Home > Article > Backend Development > Why is the return result of gbk encoding 3?
php > $s="Hello";
php > echo mb_strlen($s,"utf8");
2
utf8 returns 2, I understand
php > echo mb_strlen($s,"gb2312") ;
4
This returns 4, I understand it too
php > echo mb_strlen($s,"gbk");
3
I don't understand here?
php > $s="Hello";
php > echo mb_strlen($s,"utf8");
2
utf8 returns 2, I understand
php > echo mb_strlen($s,"gb2312") ;
4
This returns 4, I understand it too
php > echo mb_strlen($s,"gbk");
3
I don't understand here?
Because $s is UTF8 encoded, you can get its length through GBK encoding without converting it to GBK.
UTF8 encoded Hello
is HUAN犲ソ
on GBK, so its length is 3.
This is what you should do:
<code>$a = mb_strlen(iconv( 'utf-8','gbk', $s), 'gbk'); $b = mb_strlen(iconv( 'utf-8','gb2312', $s), 'gb2312'); </code>
In other words, GB2312 is also wrong.
mb_strlen is the number of characters returned, so only returning 2 is correct.
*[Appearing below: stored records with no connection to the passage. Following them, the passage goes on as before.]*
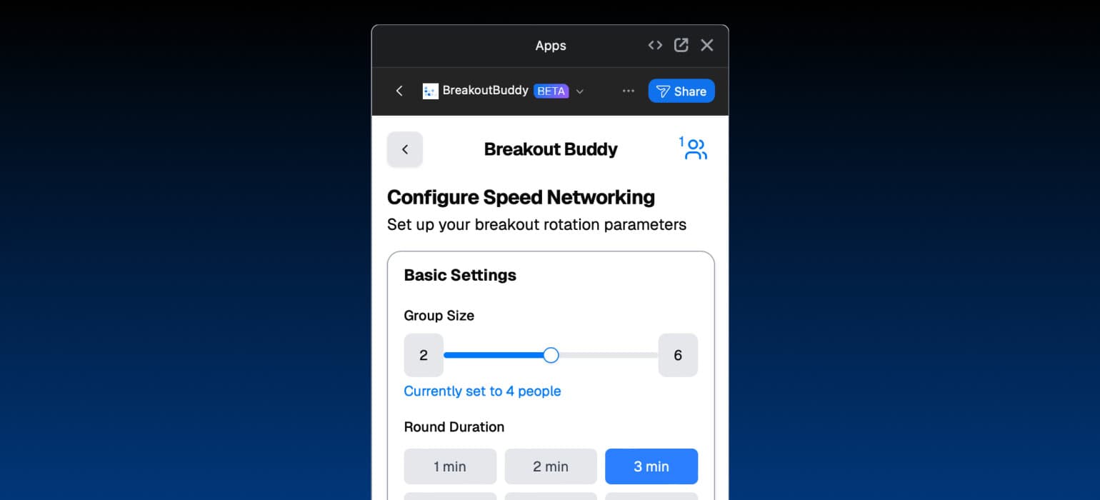 The first major product we built using Instant Prototyping was Breakout Buddy, a revolutionary Zoom facilitation app that gives hosts unprecedented control over breakout sessions.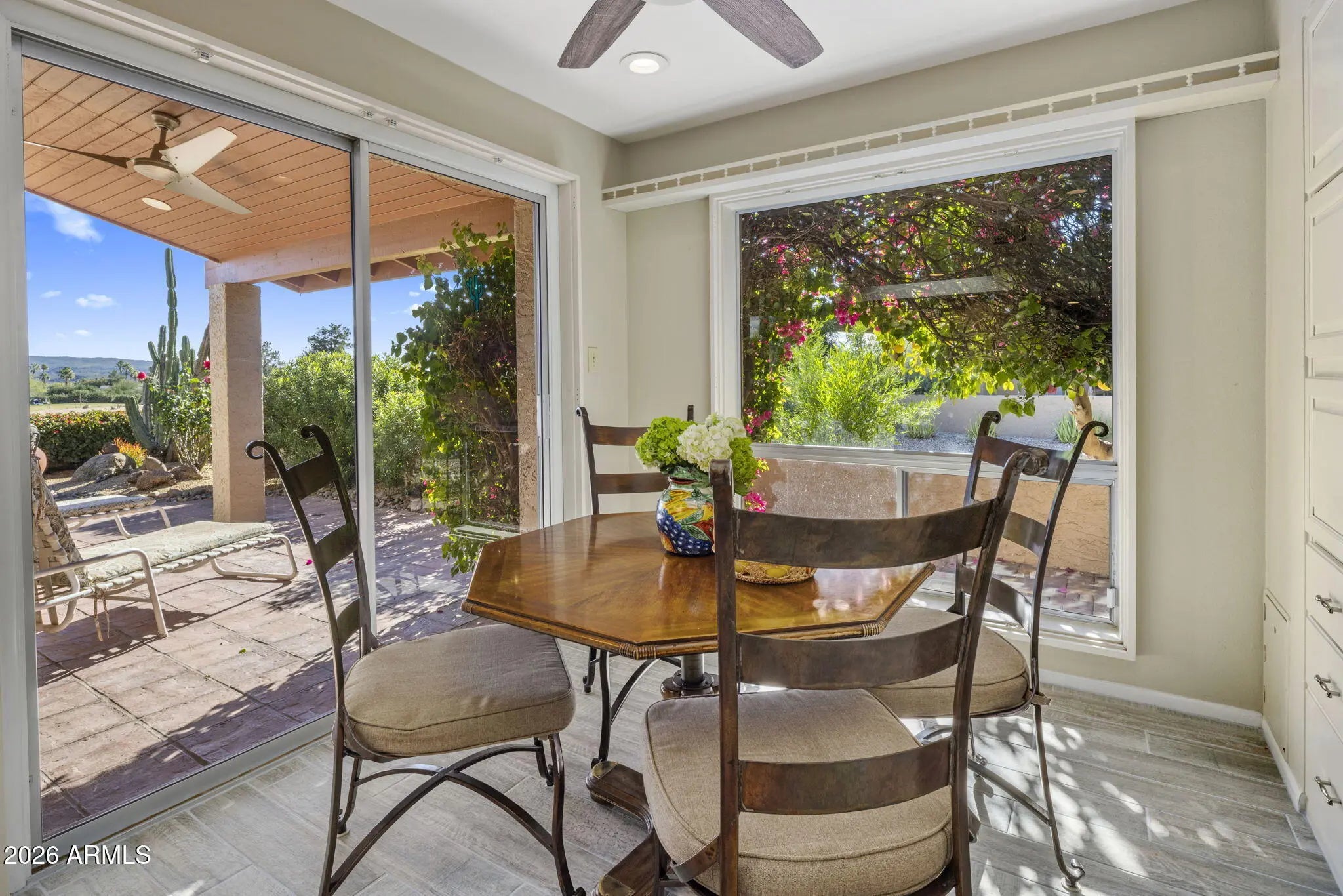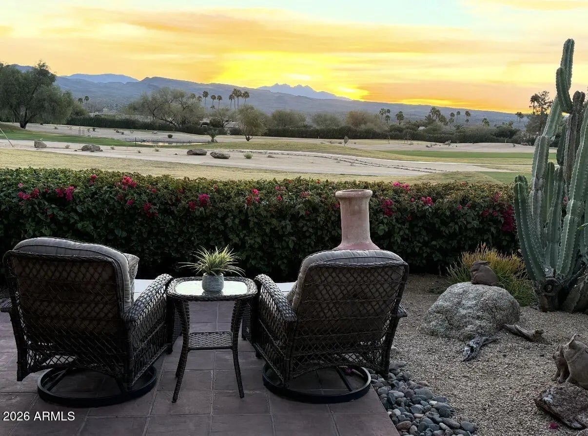 SPECTACULAR FOUR PEAKS VIEWS • PREMIER GOLF COURSE FRONTAGE • EAST-FACING BACKYARD Wake up to sweeping Four Peaks and mountain views in this premier golf course retreat, perfectly situated on the 18th hole of the Quail Course. The coveted east-facing backyard offers ideal morning sun and cool afternoon shade, creating the perfect setting to relax or entertain. Enjoy a spacious patio with built-in hot tub overlooking the fairway and serene desert landscape. Inside, nearly 1,900 sq ft of light-filled living space features 2 spacious bedrooms, 2 baths, and a dedicated office with custom built-ins, desk, and wet bar. A beautiful kitchen anchors the home with ample counter space and an open layout ideal for everyday living and entertaining. Come enjoy all that Rio Verde has to Offer!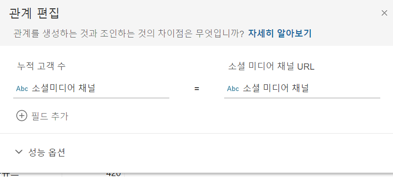 그리고 '소셜 미디어 채널 URL'이라는 시트를 '누적 고객 수'라는 시트와 연결해보겠습니다.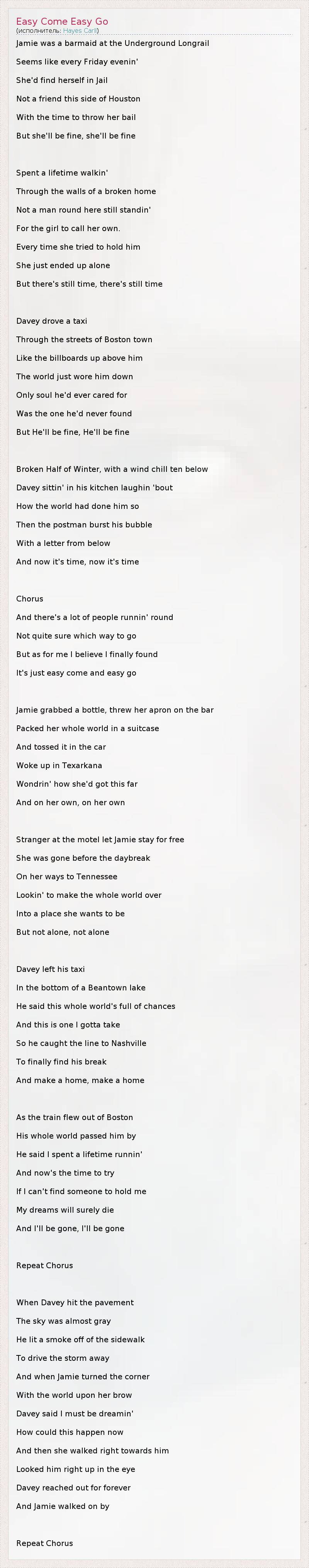 Jamie was a barmaid at the Underground Longrail Seems like every Friday evenin' She'd find herself in Jail Not a friend this side of Houston With the time to throw her bail But she'll be fine, she'll be fine Spent a lifetime walkin' Through the walls of a broken home Not a man round here still standin' For the girl to call her own. Every time she tried to hold him She just ended up alone But there's still time, there's still time Davey drove a taxi Through the streets of Boston town Like the billboards up above him The world just wore him down Only soul he'd ever cared for Was the one he'd never found But He'll be fine, He'll be fine Broken Half of Winter, with a wind chill ten below Davey sittin' in his kitchen laughin 'bout How the world had done him so Then the postman burst his bubble With a letter from below And now it's time, now it's time Chorus And there's a lot of people runnin' round Not quite sure which way to go But as for me I believe I finally found It's just easy come and easy go Jamie grabbed a bottle, threw her apron on the bar Packed her whole world in a suitcase And tossed it in the car Woke up in Texarkana Wondrin' how she'd got this far And on her own, on her own Stranger at the motel let Jamie stay for free She was gone before the daybreak On her ways to Tennessee Lookin' to make the whole world over Into a place she wants to be But not alone, not alone Davey left his taxi In the bottom of a Beantown lake He said this whole world's full of chances And this is one I gotta take So he caught the line to Nashville To finally find his break And make a home, make a home As the train flew out of Boston His whole world passed him by He said I spent a lifetime runnin' And now's the time to try If I can't find someone to hold me My dreams will surely die And I'll be gone, I'll be gone Repeat Chorus When Davey hit the pavement The sky was almost gray He lit a smoke off of the sidewalk To drive the storm away And when Jamie turned the corner With the world upon her brow Davey said I must be dreamin' How could this happen now And then she walked right towards him Looked him right up in the eye Davey reached out for forever And Jamie walked on by Repeat Chorus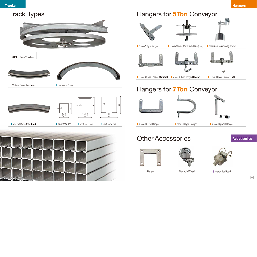 We have wide range of conveyor load capacity, for Close Track Monorail types of Conveyor. Load capacity for single hinging point from 25kg to 100kg. The Monorail overhead conveyor designed for maximum conveying flexibility in small spaces.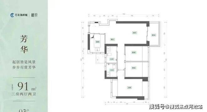 91㎡的3房2厅2卫,设计的是竖厅格局,客厅3.35米开间,LDKB一体化,S墙设计预留冰箱卡槽位,动静分区,U型厨房,公卫干湿分离,得房率约94%(包含赠送),阳台5.7m²东北朝向。赠送面积约11.27m²。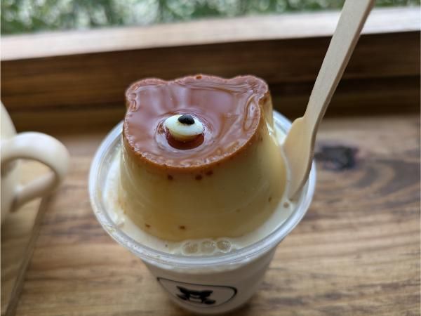 なんとかわいいプリン… くまさんをかたどったプリンは、しっかりめのかたさでとってもおいしかったです。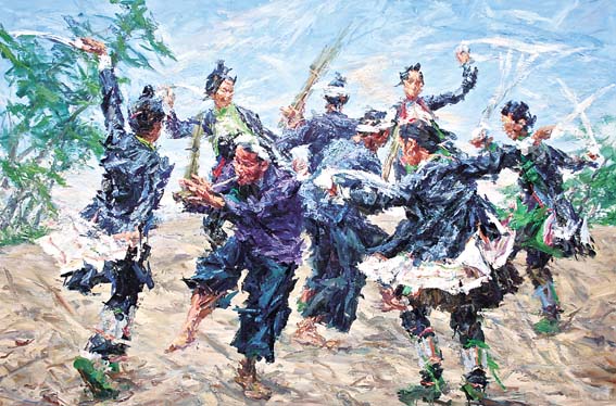 法国艺术家布里艾尔的铜、木结构作品《眩晕》,简明而生动地刻画了城市居民对绿色自然的渴望。柬埔寨画家钦·索蒂的布面油画以围困村庄的熊熊烈火冲击观者的视觉,作品《不要烧毁森林》,以最直白的方式表达人类对生态保护的诉求。毕建勋的中国画《子非鱼》以写实的画面叙述了中国古代哲人庄子与惠子的对话,暗喻爱护生物、保护环境的人类恒久理念。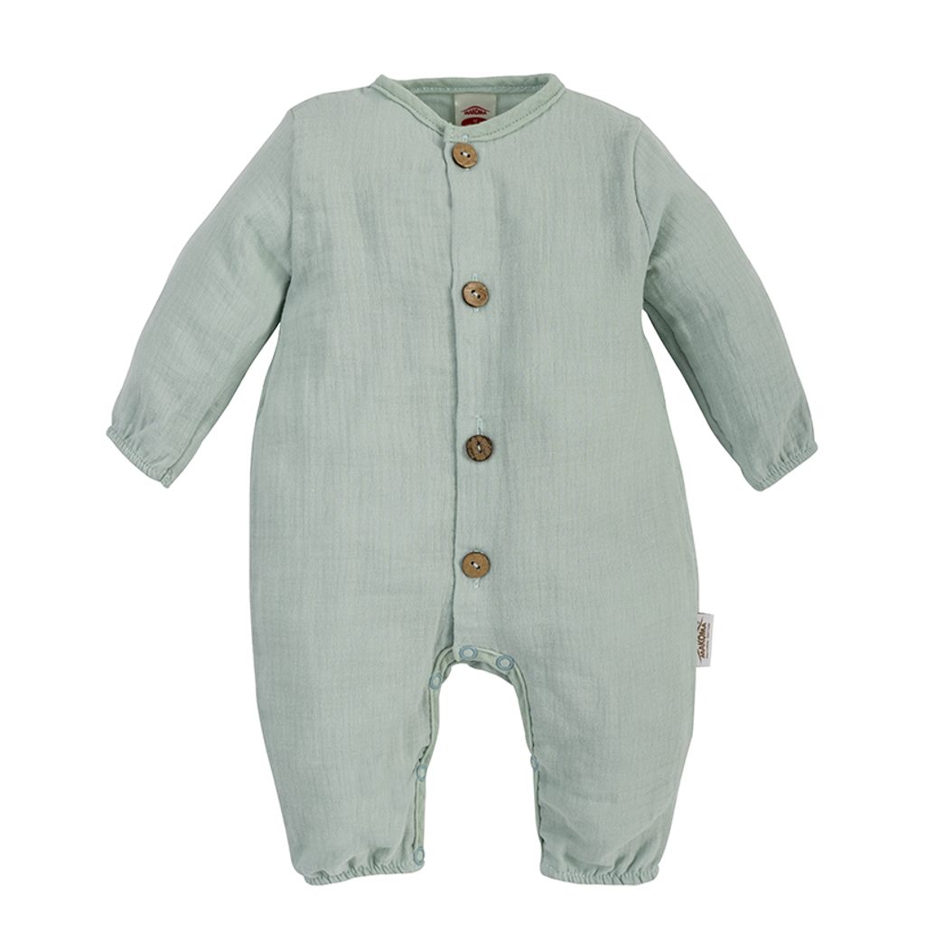 Mušelínový overal bez ťapek značky Makoma z prémiové kolekce Just Muslin v pistáciové barvě:

I don’t know how you understand the two cases of 4 and 3?
But when $s = "Hello"
, $s
stores a UTF8 encoded string (encoded according to your source file). If you use GBK or GB2312 to decode this encoded data, It is possible to get garbled codes, so 4 and 3 should be the length of garbled codes.